Certain holidays defy the calendar. Just as Memorial Day is viewed as the unofficial start to the summer season, Labor Day is regarded by most as the unofficial beginning of fall. Many folks also think of one as the start of the gardening season and the latter as the end of the gardening year. Of course, all this thinking boggles the mind of strict devotees to calendars. Fortunately, I don't think at all -- as should be obvious to regular readers of this column. That's why I'll keep plodding along with this gardening year since there is so much to do:
n Evaluate plants in perennial borders. Look for plants that are being crowded or are crowding other plants, those looking ratty due to pest and disease, and those that just don't offer much in terms of flowers or foliage. Make a note to divide the overgrown ones next spring. The others may be best treated by simply ripping them out of the garden. There are so many great plants on the market, why fuss over those that are prone to pests and disease problems or that offer little ornamental value?

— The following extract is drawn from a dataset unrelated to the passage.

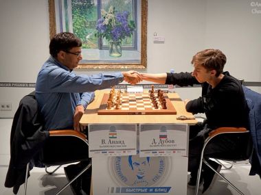 On the first day, Anand got off to a flying start winning both of his first two games. In round one, he played the lowest ranked player in the field, Danil Dubov. With the white pieces, Anand countered Dubov’s Sicilian Defence with the Rossolimo System. Dubov had come up with a new idea in the opening but Anand denied his opponent any counterplay. Dubov tried complicating the position but this only worsened his position. By the 19th move, the Russian GM had several pawn weaknesses and was obliged to shed a couple of pawns soon. With two extra pawns and a dominating position, Anand had no problems converting. [caption id=“attachment_4374585” align=“alignnone” width=“825”] Viswanathan Anand Anand during his first round game against Danil Dubov. Image Courtesy: Amruta Mokal, Chessbase India[/caption]

n Rejuvenate old or over-crowded peonies by digging up the root clump and dividing the rhizomes (underground stems) into sections, each containing at least three eyes or buds. Replant the divisions so that the rhizomes are no more than two inches below ground. How do you know a peony is old? If George Washington slept beneath it, it's probably too old. Otherwise, an indication of old age is a steady reduction in number of blossoms produced in the spring.
n Check mums for leaf tiers. Leaf tiers are caterpillars that exude silken threads to tie together the leaves upon which they are feeding. Leaf tiers can be found on a wide variety of plants throughout the growing season, and mums are a favorite host at this time of year. Normally, I don't worry much about this insect pest but with mums about to begin their floral display, I try to preserve the attractiveness of the plants by applying a natural pyrethrum based insecticide to control the leaf tiers.
n Plant autumn crocus (Colchicum autumnale) to add additional color to the fall garden. Interestingly, only the flowers appear in fall. The leaves appear in spring and then fade away as summer heats up.
n Use a slow-release or organic fertilizer to feed the lawn this week. As temperatures cool, grass begins to grow with renewed vigor, especially if given a boost from a fertilizer application. If you make just one application of fertilizer to the lawn, this is the time to do it. Grass is recovering from summer stress; new root growth is beginning; and grass must be restored to good health if it is to survive winter.
n Take cuttings from fuchsia, wax begonia, coleus, African daisy (Osteospermum), geraniums, lavender, rosemary and other garden plants for growing indoors this winter. After dipping cuttings in a rooting solution or powder, stick them in pots or flats of vermiculite, perlite or clean sand for rooting. Once rooted, pot up the plants and place them on a sunny windowsill or under fluorescent lights. In late winter, cuttings can be taken from these houseplants to make plants for the summer garden.
n Plant annual rye or oats in vacant areas of the vegetable garden or between rows of sweet corn, tomatoes and other widely spaced crops. Annual rye and oats will die over the winter, but the dead plants provide good soil cover through winter and contribute significant amounts of organic matter when tilled under prior to spring planting.
n Plant trees, especially needled evergreens, shrubs and perennials this month (September). Soils are still warm and roots of new plantings develop quickly at this time of year.